As global competition and economic stress create problems for businesses of all kinds everywhere, managers who don’t have a plan to stabilize operations will be compelled to revert to crisis mode, putting out fires all day, just hoping to survive. The managers who do best develop a method that enables their people to do their work without toxic stress. Most of the time, such plans and methods languish in a book on the shelf, and never get put into action. The method that actually gets used is some simple version of the carrot-and-stick approach: do this and you’ll get that. Work hard—or else.

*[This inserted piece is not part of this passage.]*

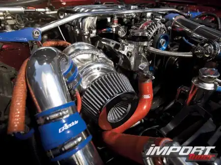 Получившийся в итоге 13В с отсечкой на 11 000 — это не что иное, как отличная возможность при неспешной езде сэкономить на топливе. Чтобы наполнить обе камеры сгорания сжатым воздухом, используется турбо-кит GReddy TD06. Сай подчеркивает, что основное преимущество этого турбо-кита не столько в количестве добавляемых «лошадок». Ведь главной причиной печальной известности турбовых роторных двигателей, склонных к закипанию, является избыточное тепло в двигательном отсеке. Установка одной турбины вместо двух стоковых секвентальных резко снижает количество выделяемого тепла, как и облегченный впускной коллектор из нержавеющей стали вместо массивного стокового из чугуна.

The “or else” seems to grow more ominous every day. Week after week, we read about one corporate calamity or another; one dire economic prediction after another; one reason after another to be afraid, very afraid. As the pinch grows tighter, the methods managers use grow more primitive. Fear rules. Management by fear, if not panic, becomes the mainstay of all but the most enlightened managers. And what do those enlightened managers know that others overlook? They know that fear disables the mind just as surely as lack of oxygen.

My plan offers an alternative to panic or serial crisis management. You will learn a method you can set in motion anywhere to bring out the best in any person, no matter what is going on in the wider world. I will also point out what to do when things break down. When a person is not performing at his or her best, it usually stems from a problem in one of the five steps in the Cycle of Excellence, most often steps 1, 2, or 3: select, connect, or play. I will show you how to identify those problems and how to correct them.

Once you understand the Cycle of Excellence as well as the ways it can break down, you will have a more effective plan for bringing out the best in your people than simply wielding the fear of job loss or exhorting them to try harder. You will be able to creatively manage for growth, rather than manage for mere survival. You will know how to capture the positive energy in the explosion surrounding us today and not let it blow you and your organization away.